Réforme constitutionnelle

Au Sénégal, cette proposition de réforme inattendue a laissé sans voix la plupart des commentateurs. Macky Sall ne l’avait en effet jamais évoquée durant la campagne électorale, pas plus qu’il en a tracé les contours lors de ses récentes allocutions. Ni le 2 avril, à l’occasion de son investiture, ni le lendemain, lors de son adresse à la nation pour la fête nationale.
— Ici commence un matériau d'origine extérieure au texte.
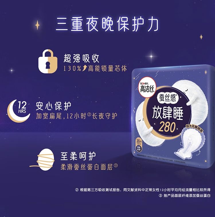 商品名称:高洁丝 放肆睡丝薄绵柔 夜用 280mm*16片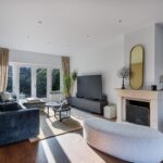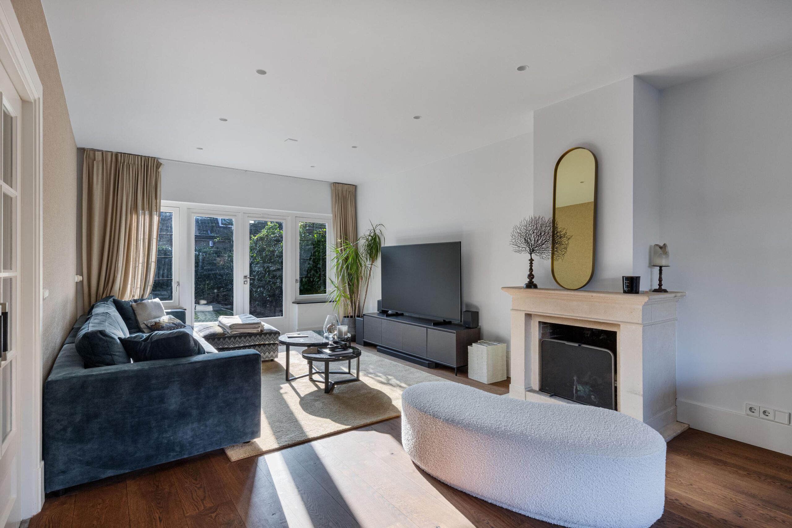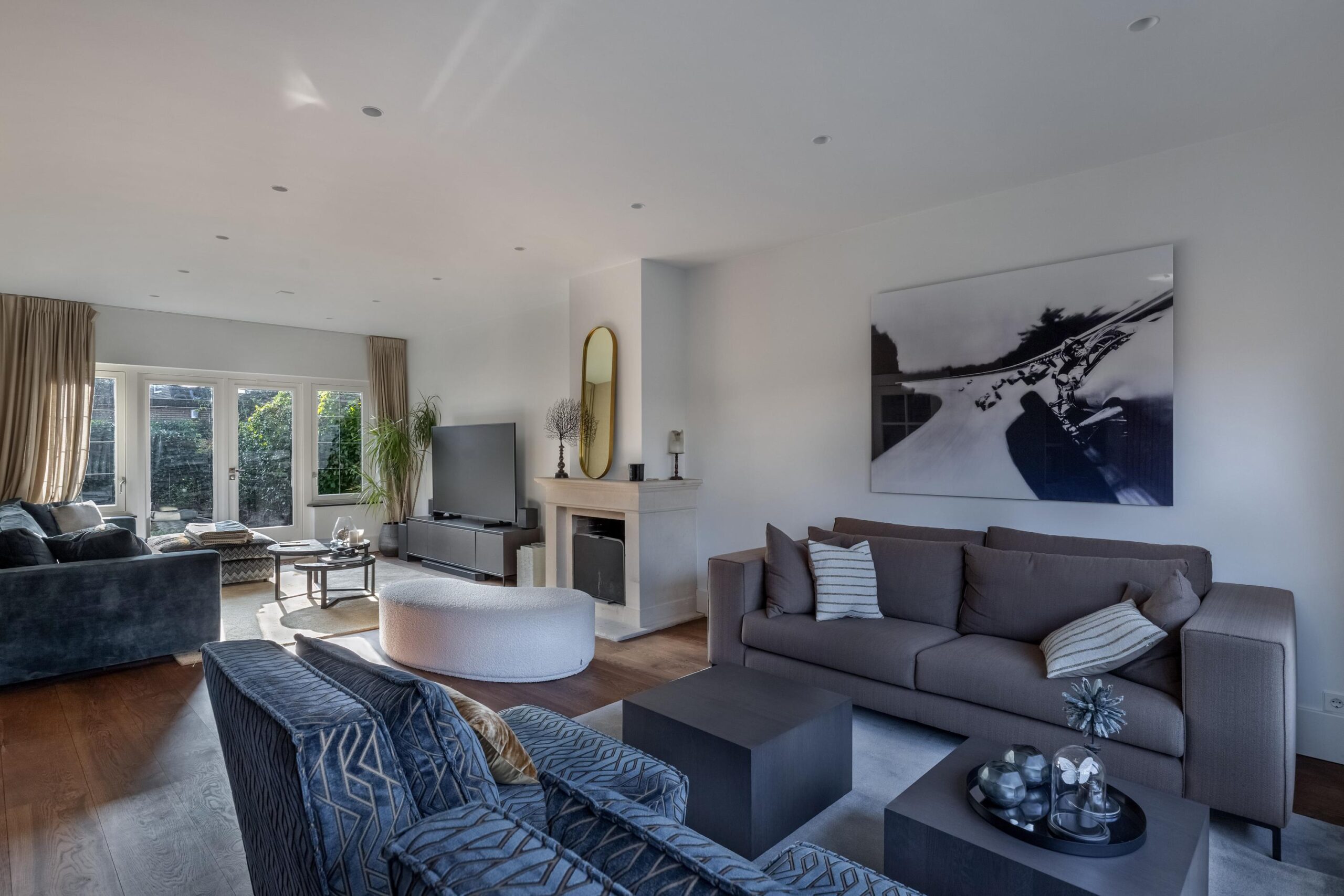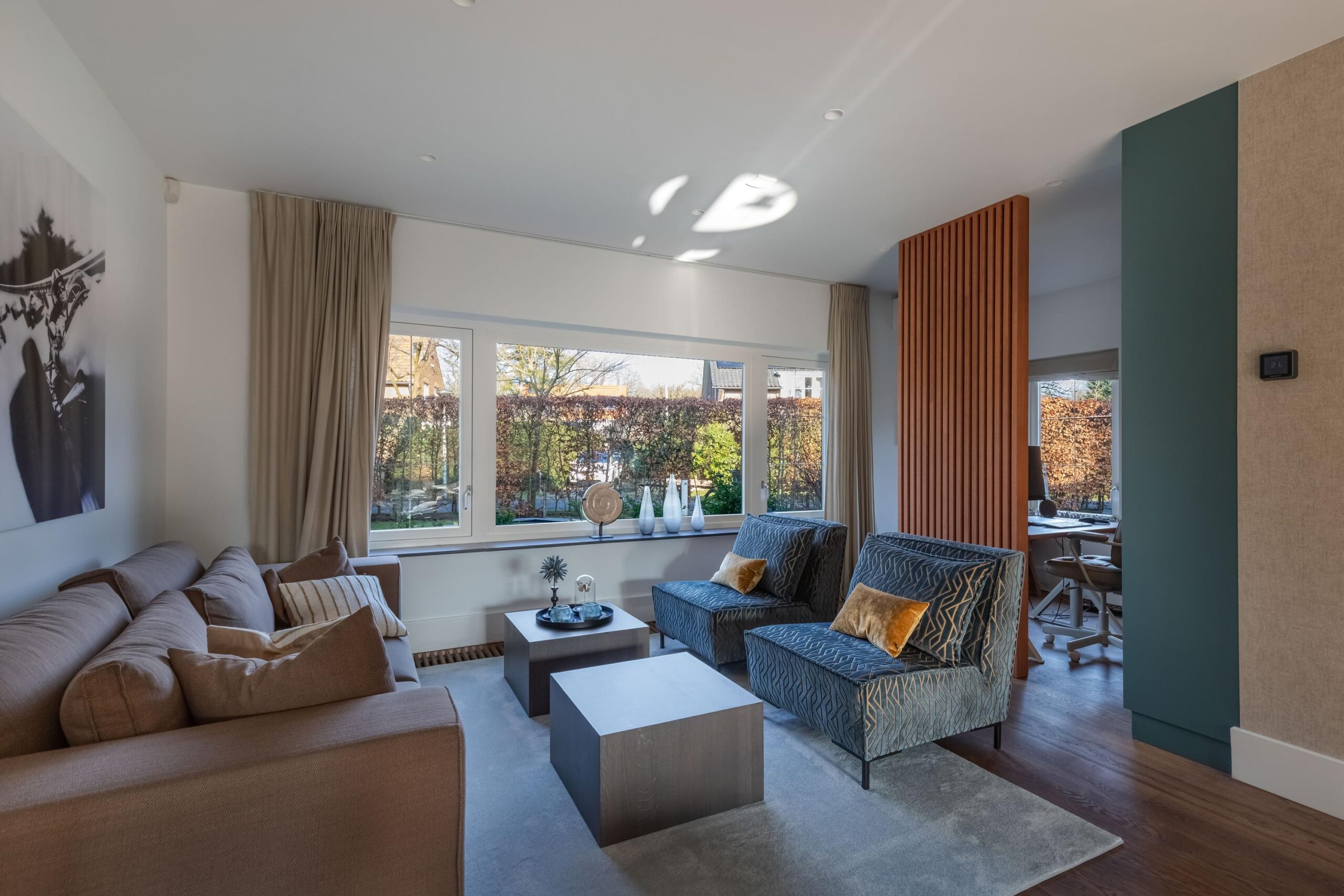 Woonkamer beschikt over een open haard, twee zithoeken, een half open werkkamer met uitzicht op de ruime voortuin en openslaande deuren naar de achtertuin.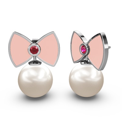 Inci ve rodolit garnet 18 ayar beyaz altın küpe (Pastel pembe mineli)

La suppression du poste de Premier ministre, qui aboutirait de facto à faire du président de la République le chef du gouvernement, est-elle l’indice d’une volonté de réformer en profondeur le régime sénégalais, afin de le faire évoluer vers un régime de type présidentiel ? Dans un tel scénario, les prérogatives respectives des pouvoirs exécutifs, législatif et judiciaire se trouveraient profondément remaniées.

Une telle réforme devrait être soumise au peuple sénégalais par référendum

« Macky Sall devra faire adopter une réforme constitutionnelle car la loi fondamentale définit dans plusieurs de ses articles le rôle du Premier ministre, analyse l’opposant Thierno Bocoum, de la coalition Idy2019, interrogé par Jeune Afrique. Il pourrait bien sûr le faire à travers un vote qualifié de l’Assemblée nationale. Mais sachant que cette réforme ne fait pas partie de ses promesses électorales, il serait souhaitable qu’il choisisse plutôt la voie du référendum. »

L’exécutif n’a, pour l’heure, donné aucune précision sur l’évolution de la relation entre le gouvernement et le pouvoir législatif qu’induirait la réforme envisagée. Actuellement, le Premier ministre est en effet responsable devant le Parlement. L’article 75 de la Constitution prévoit que « l’Assemblée nationale peut provoquer la démission du Gouvernement par le vote d’une motion de censure ».

« Si l’on devait changer totalement de régime pour aller vers un régime présidentiel, il serait nécessaire qu’un vrai débat ait lieu et que cette réforme soit soumise au peuple sénégalais par référendum », estime Thierno Bocoum.